**Work required:** Leave the pictures out. Return all other data exactly.

Data records
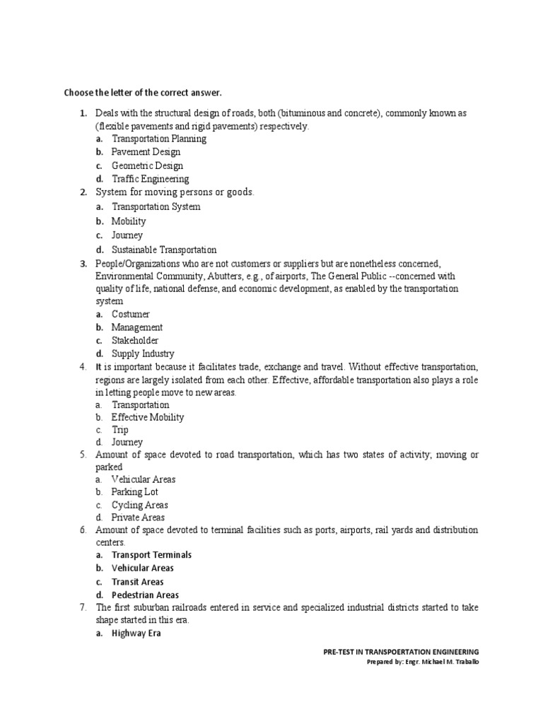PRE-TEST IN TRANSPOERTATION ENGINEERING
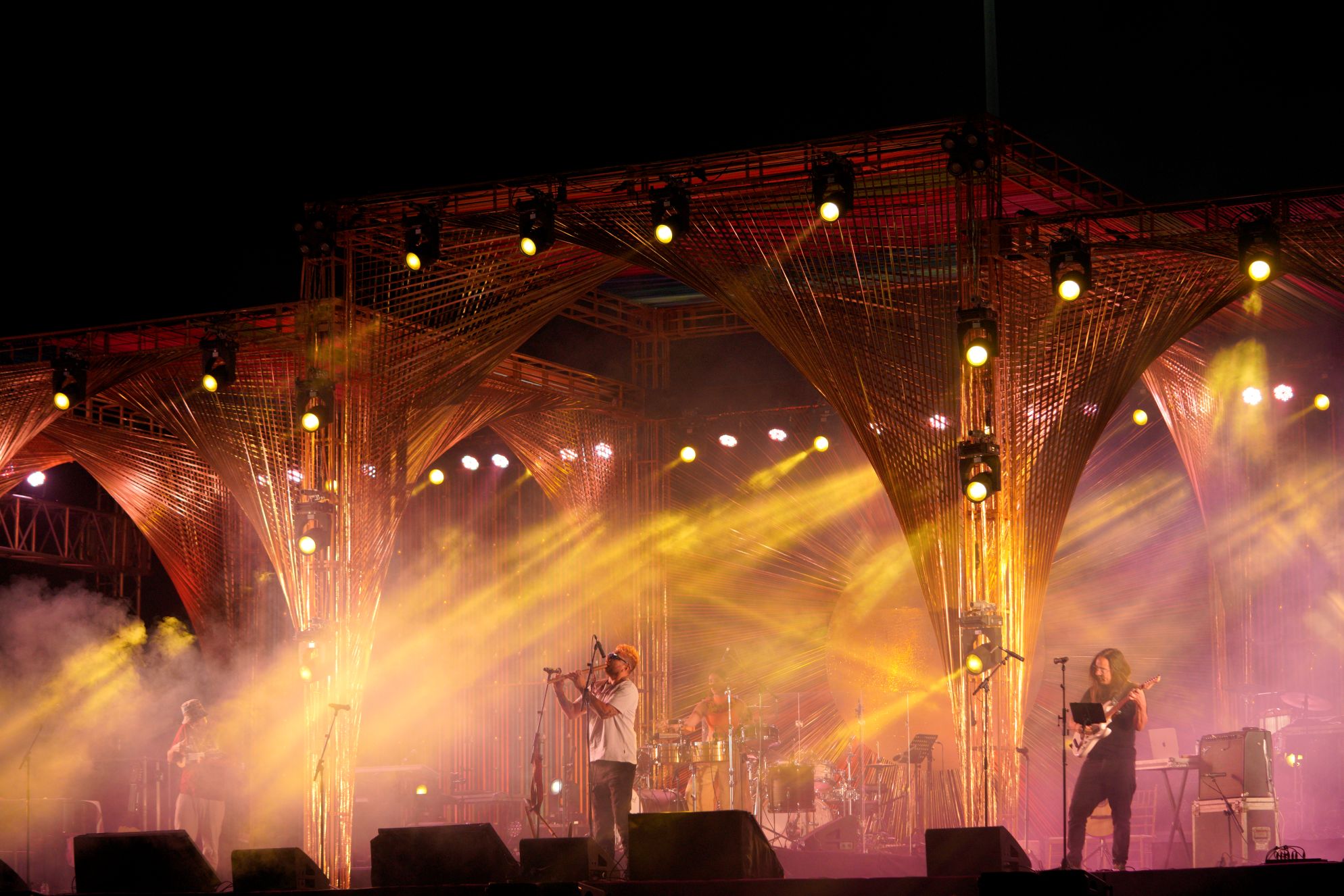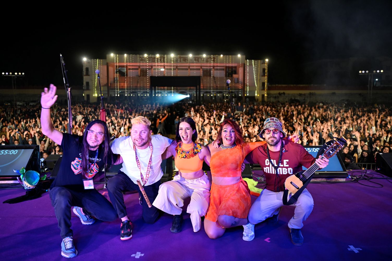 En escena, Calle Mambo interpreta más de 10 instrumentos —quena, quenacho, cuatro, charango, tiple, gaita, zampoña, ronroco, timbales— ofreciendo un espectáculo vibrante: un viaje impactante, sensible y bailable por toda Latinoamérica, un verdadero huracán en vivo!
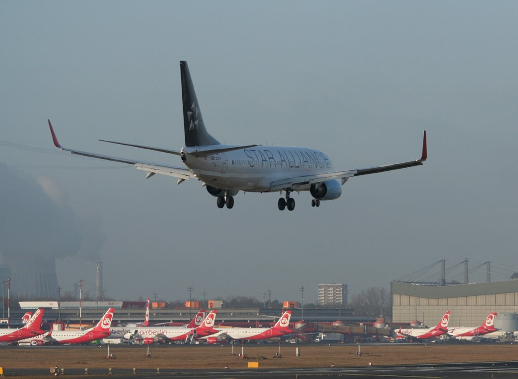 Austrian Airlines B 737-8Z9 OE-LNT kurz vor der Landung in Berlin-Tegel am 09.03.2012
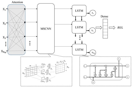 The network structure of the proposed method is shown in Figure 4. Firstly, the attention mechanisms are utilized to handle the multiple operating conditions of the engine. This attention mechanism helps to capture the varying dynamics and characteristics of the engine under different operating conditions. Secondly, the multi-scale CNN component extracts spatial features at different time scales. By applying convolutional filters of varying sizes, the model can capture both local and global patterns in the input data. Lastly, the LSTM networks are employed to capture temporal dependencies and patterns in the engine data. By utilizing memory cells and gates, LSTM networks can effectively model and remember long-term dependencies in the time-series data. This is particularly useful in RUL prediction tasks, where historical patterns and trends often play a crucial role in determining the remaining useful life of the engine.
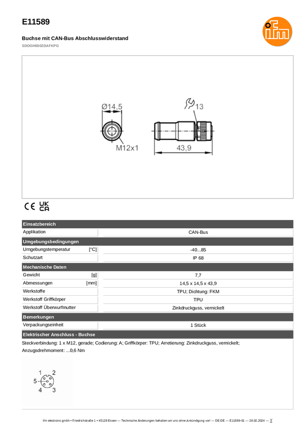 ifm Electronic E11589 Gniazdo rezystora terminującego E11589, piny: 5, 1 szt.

**Solved exercise:**
PRE-TEST IN TRANSPOERTATION ENGINEERING
 En escena, Calle Mambo interpreta más de 10 instrumentos —quena, quenacho, cuatro, charango, tiple, gaita, zampoña, ronroco, timbales— ofreciendo un espectáculo vibrante: un viaje impactante, sensible y bailable por toda Latinoamérica, un verdadero huracán en vivo!
 Austrian Airlines B 737-8Z9 OE-LNT kurz vor der Landung in Berlin-Tegel am 09.03.2012
 The network structure of the proposed method is shown in Figure 4. Firstly, the attention mechanisms are utilized to handle the multiple operating conditions of the engine. This attention mechanism helps to capture the varying dynamics and characteristics of the engine under different operating conditions. Secondly, the multi-scale CNN component extracts spatial features at different time scales. By applying convolutional filters of varying sizes, the model can capture both local and global patterns in the input data. Lastly, the LSTM networks are employed to capture temporal dependencies and patterns in the engine data. By utilizing memory cells and gates, LSTM networks can effectively model and remember long-term dependencies in the time-series data. This is particularly useful in RUL prediction tasks, where historical patterns and trends often play a crucial role in determining the remaining useful life of the engine.
 ifm Electronic E11589 Gniazdo rezystora terminującego E11589, piny: 5, 1 szt.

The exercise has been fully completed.